Please copy all of the data that follows exactly, leaving any pictures out.

# Information shown
↓

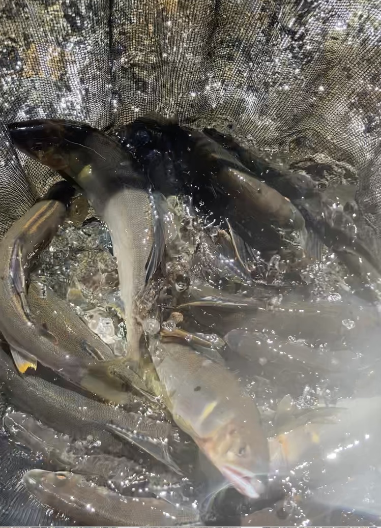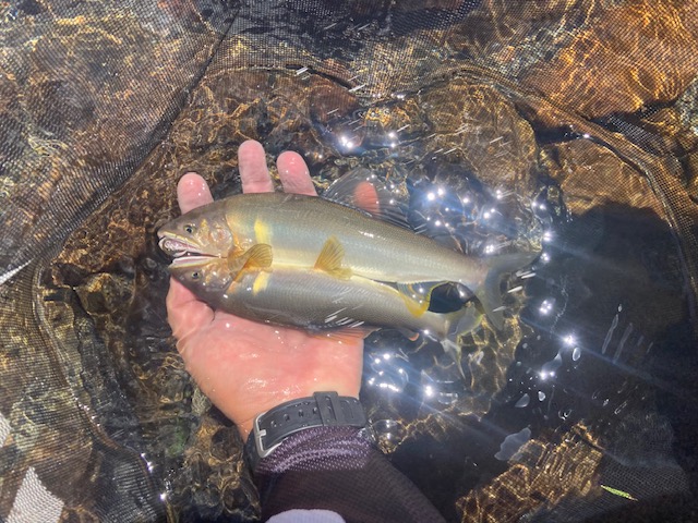 すぐにばらした周辺を探っていくと野鮎からの反応が!なかなかの引きに慎重に取り込むと23cmクラスの良型!しかしエラ掛かり。
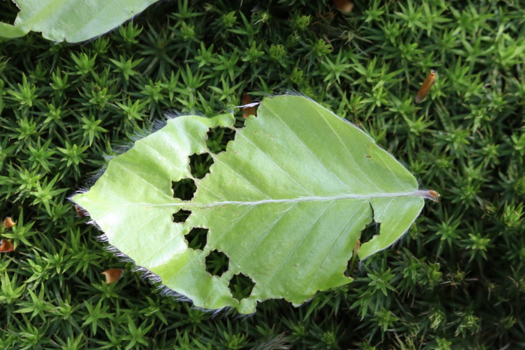 Ovviamente cercavo attelabidi, ed ho osservato diversi Deporaus betulae, rigorosamente su carpino bianco. Ho cominciato ad osservare anche le foglie di faggio, e ne ho trovate parecchie mangiate in modo caratteristico:
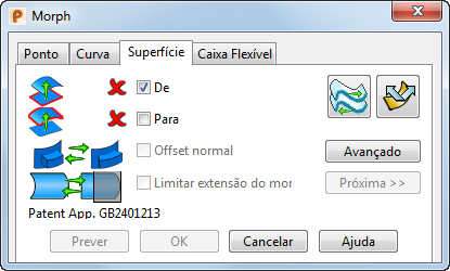 - Selecione Offset Normal para dobrar as superfícies que sofrerão morph para seguir a superfície Para.
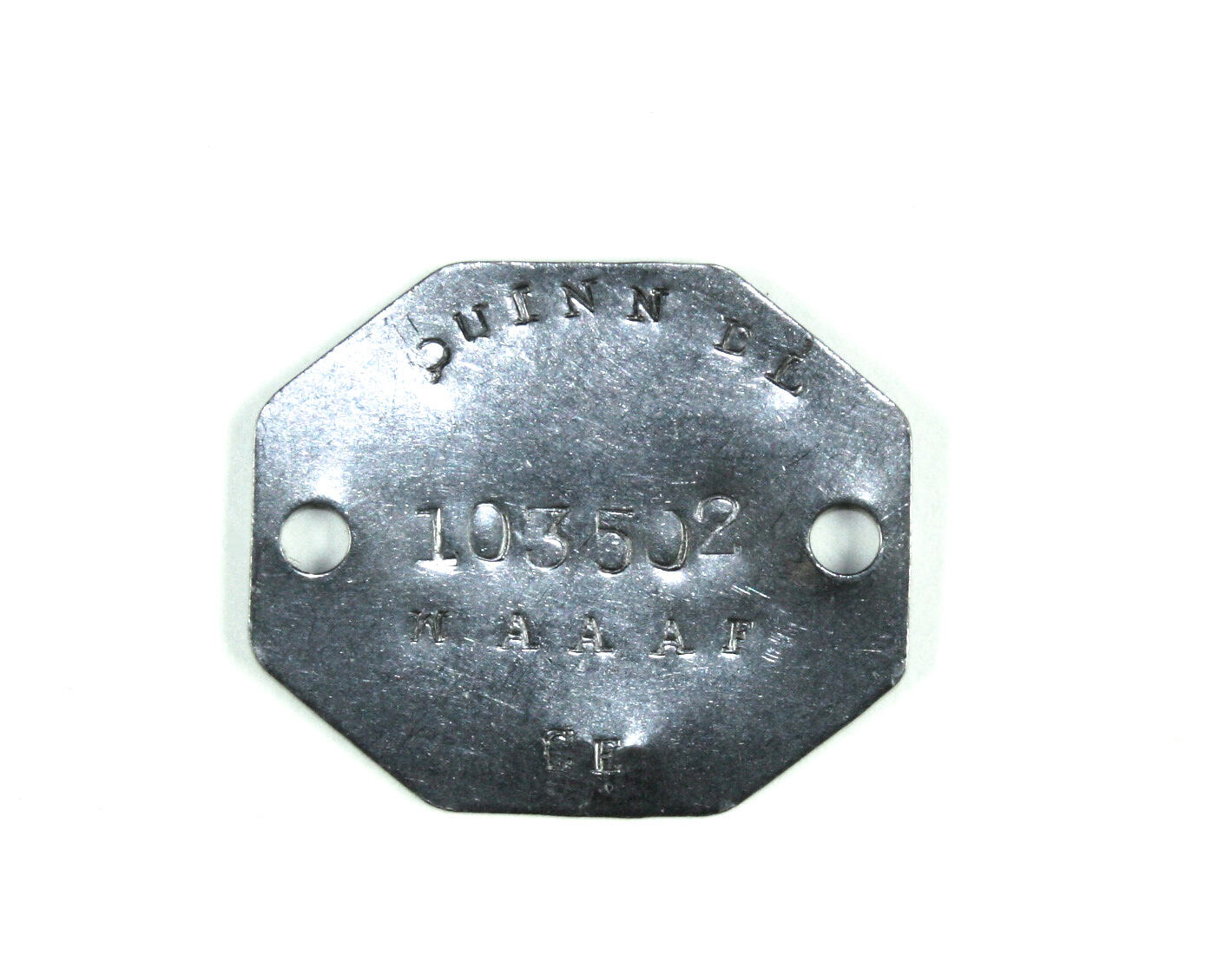 Octagonal metal identity tag with stamped name, number and religion: Silver in colour with holes on both sides.

↑

# Exercise output
 すぐにばらした周辺を探っていくと野鮎からの反応が!なかなかの引きに慎重に取り込むと23cmクラスの良型!しかしエラ掛かり。
 Ovviamente cercavo attelabidi, ed ho osservato diversi Deporaus betulae, rigorosamente su carpino bianco. Ho cominciato ad osservare anche le foglie di faggio, e ne ho trovate parecchie mangiate in modo caratteristico:
 - Selecione Offset Normal para dobrar as superfícies que sofrerão morph para seguir a superfície Para.
 Octagonal metal identity tag with stamped name, number and religion: Silver in colour with holes on both sides.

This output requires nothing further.